Aubrey Huff had been out four days with back spasms and was so sure he wasn't going to play Wednesday night that he didn't even take batting practice. According to Huff, he told manager Lou Piniella he could play, but Piniella told him to take one more game off and come back strong today in Oakland.
But Piniella did have a plan in the back of his head.
"I knew from the beginning that I could use him," Piniella said. "We didn't want to play him if he had to run and I had to put him in the field. But I told him we might save him for an opportune spot."
What's more opportune than bases loaded, ninth inning, one out, tie game? Huff didn't deliver an I-can't-believe-what-I-just-saw homer, but his groundout deep in the hole between the first and second basemen was good enough to drive in the winning run.
Huff pinch hit for rookie B.J. Upton and sparked the Rays' 6-5 victory to complete the team's first sweep of the Mariners.
"I hated to hit for the young kid," Piniella said, "but we tried to get the best matchup we could."
It might have been the best groundout of Huff's career.
"I felt good," Huff said. "I could have played. The back felt fine."
It felt even better after his winning RBI.
SO-SO SOSA: Weird night for starting pitcher Jorge Sosa.
He ended up with a no-decision after blowing up in the sixth inning and blowing a four-run lead. But it wasn't all his fault, and he was downright dominant in the first five innings. Sosa retired the first 10 batters, striking out five. Through five, he had allowed only a single and a walk and had struck out six.
His problems started in the sixth when Jose Lopez led off with a single. Ichiro Suzuki smashed a grounder to third baseman Jorge Cantu, who threw the ball into rightfield trying to start a double play.

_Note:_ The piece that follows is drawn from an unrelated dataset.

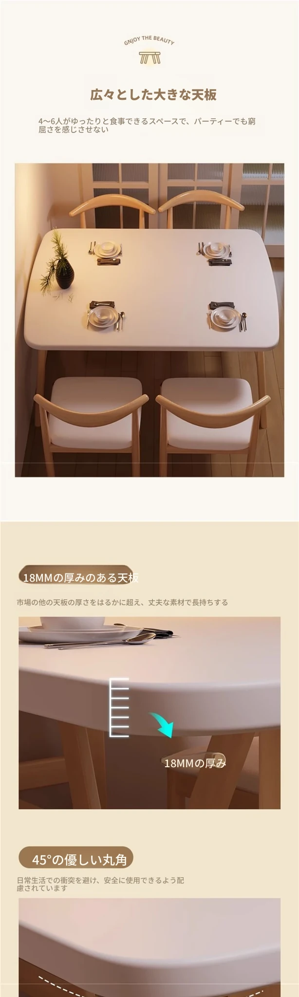 140*80暖白色+6脚ダイニングチェア加粗テーブル脚☆玄関まで配達☆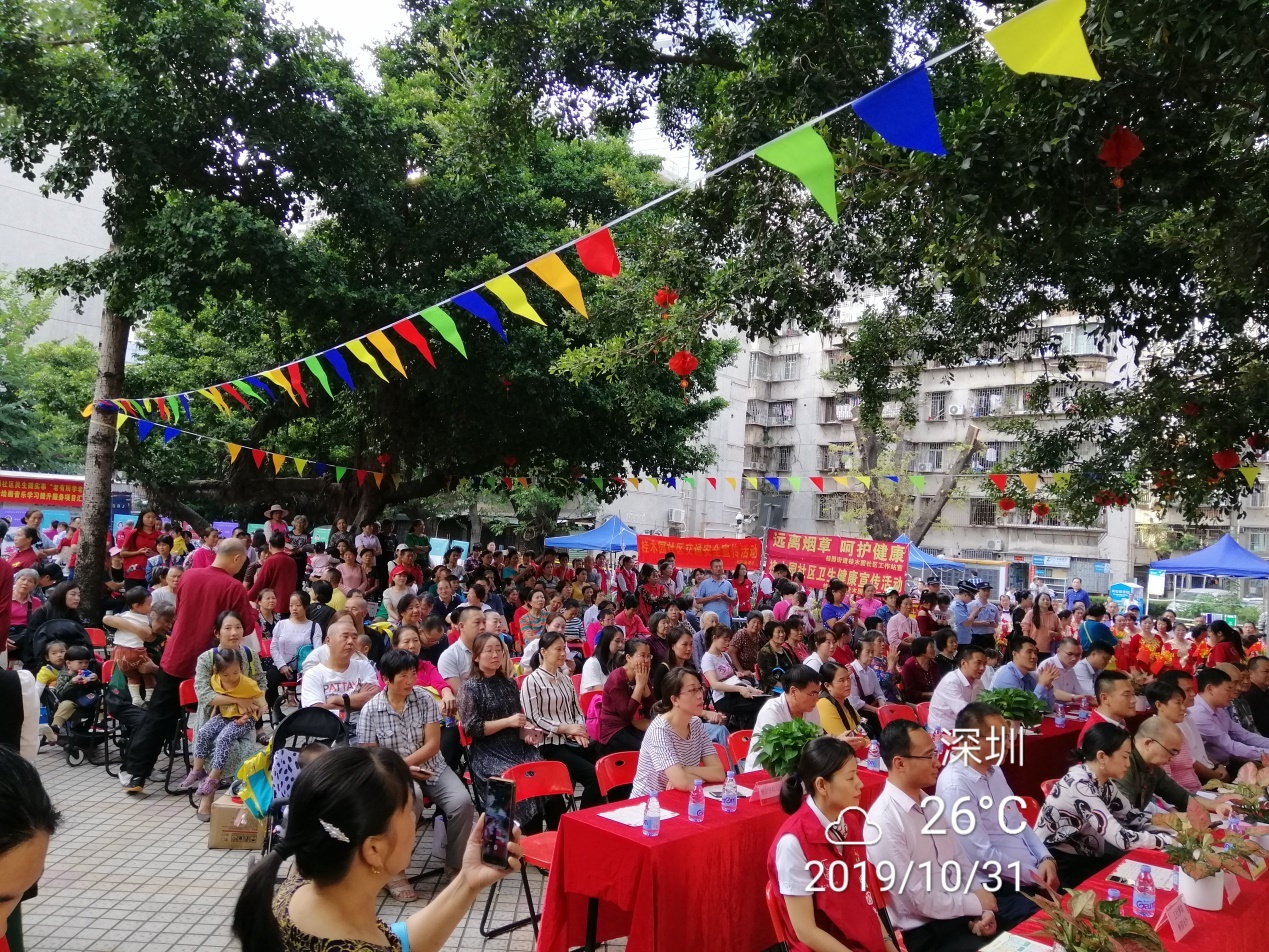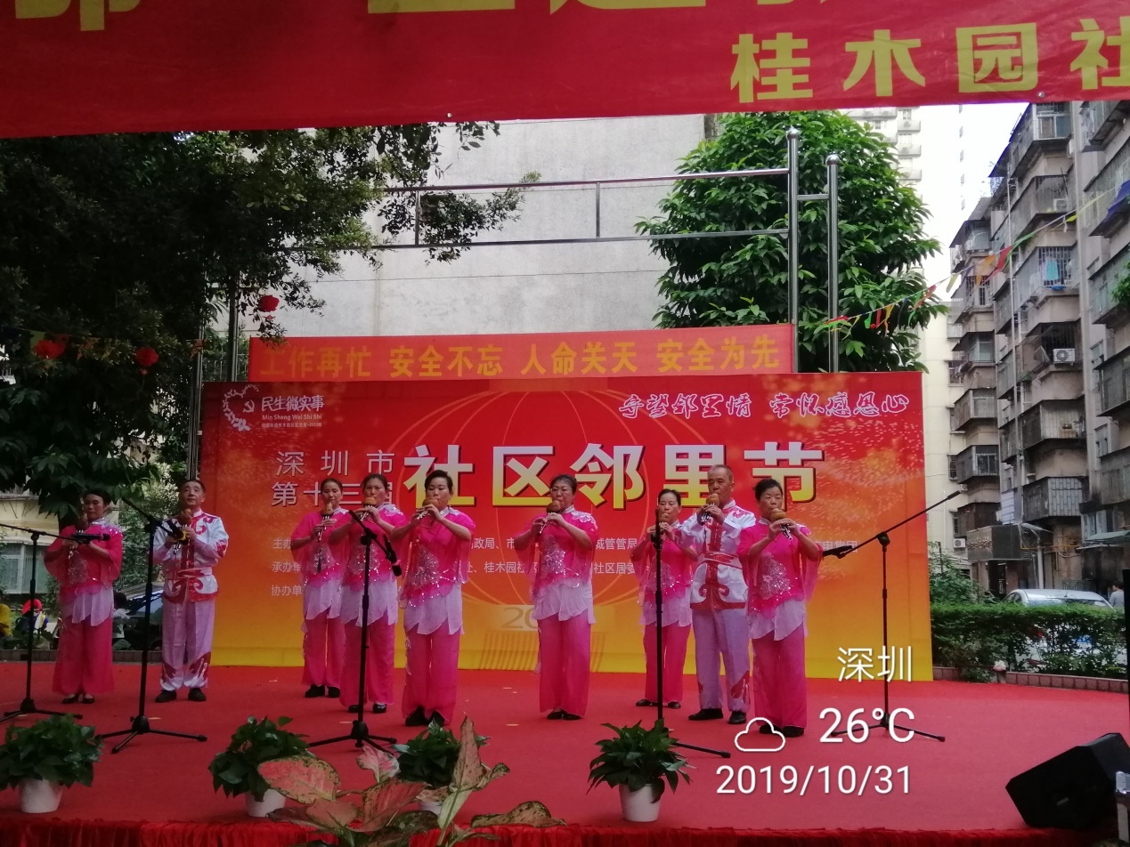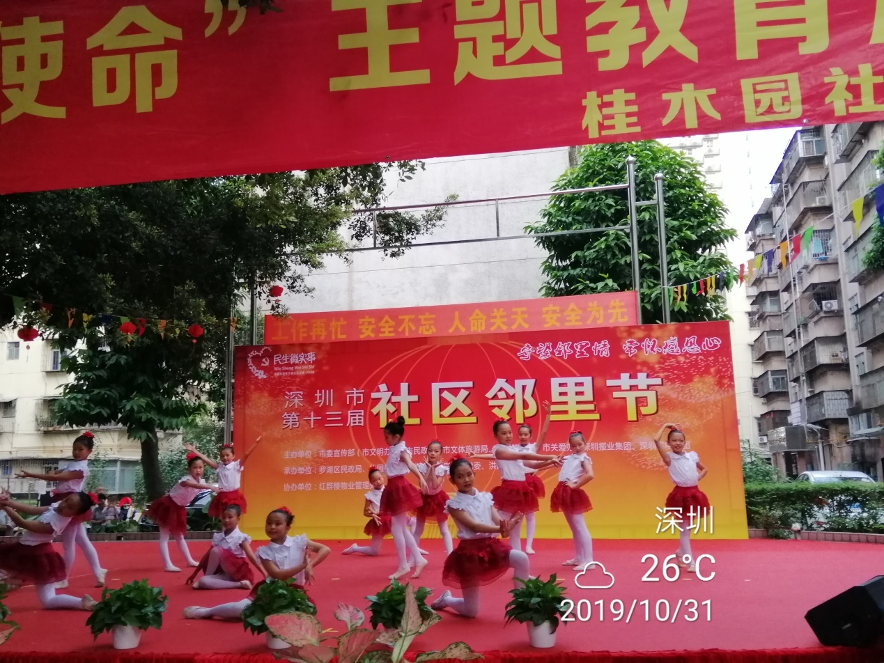 罗湖区家园网讯:2019年10月31日下午,由桂园街办事处、桂木园社区党委、洪围社区居委会共同主办的2019年深圳市第十三届洪围社区“守望邻里情,常怀感恩心”邻里节活动,在红群楼小区广场隆重举行。

"That's an inexperienced play on our third baseman," Piniella said. "With Ichiro, you're not going to turn a double play. So you wait for the second baseman to get to the bag and you get the forceout with a four-run lead and you negate the start of a big inning. As it was, we should've been out of it."
Instead of having one out and a runner on first, the Mariners had runners on the corners and no outs. Sure enough, they had a big inning, capped by Bucky Jacobsen's mammoth three-run homer that landed in the upper deck of Safeco Field to give the Mariners a 5-4 lead.

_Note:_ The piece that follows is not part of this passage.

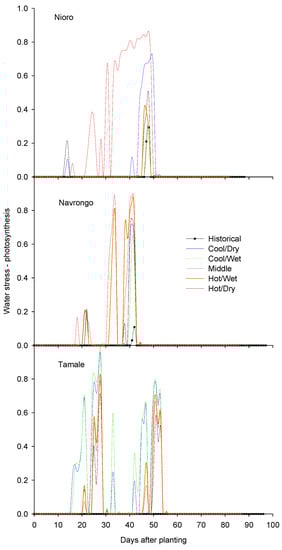 Simulated water stress on photosynthesis under historical climate and climate change scenarios at Nioro, Senegal, Navrongo and Tamale in Ghana. Water stress factor ranges from 1 (fully stressed) to 0 (no stress).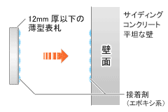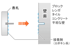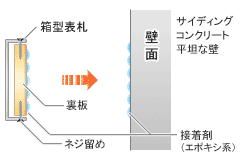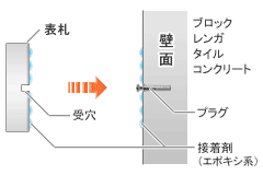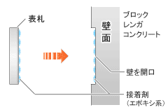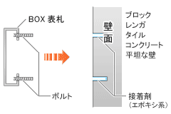 BOX表札には接着面がありませんので、壁面に電動ドリルでボルト穴を開け、ボルト穴にボンドを流し込みボルトにもボンドを塗り圧着します。

THE LITTLE THINGS: The Rays' Geoff Blum hasn't had much of an offensive season, batting only .221. But he played a key role in Wednesday's come-from-behind victory. He led off the seventh with a walk and scored the tying run on Julio Lugo's sacrifice fly. Then he led off the ninth with another walk and scored the winner on Huff's grounder.
NO DEAL: Contract talks between the Rays and their young star outfielders, Carl Crawford and Rocco Baldelli, have broken down.
Talks are not expected to resume until after the season.
MEMORY LANE: Thursday marked a couple of neat anniversaries in Mariners history and, indirectly, Rays history.
On Aug. 26, 1991, Tampa native Tino Martinez hit his first major-league homer off Milwaukee's Julio Machado in the Mariners' 5-4, 14-inning victory.
And on Aug. 26, 1998, Piniella had one of his classic tantrums, kicking his hat 12 times at Jacobs Field in Cleveland in an argument with umpire Larry Barnett.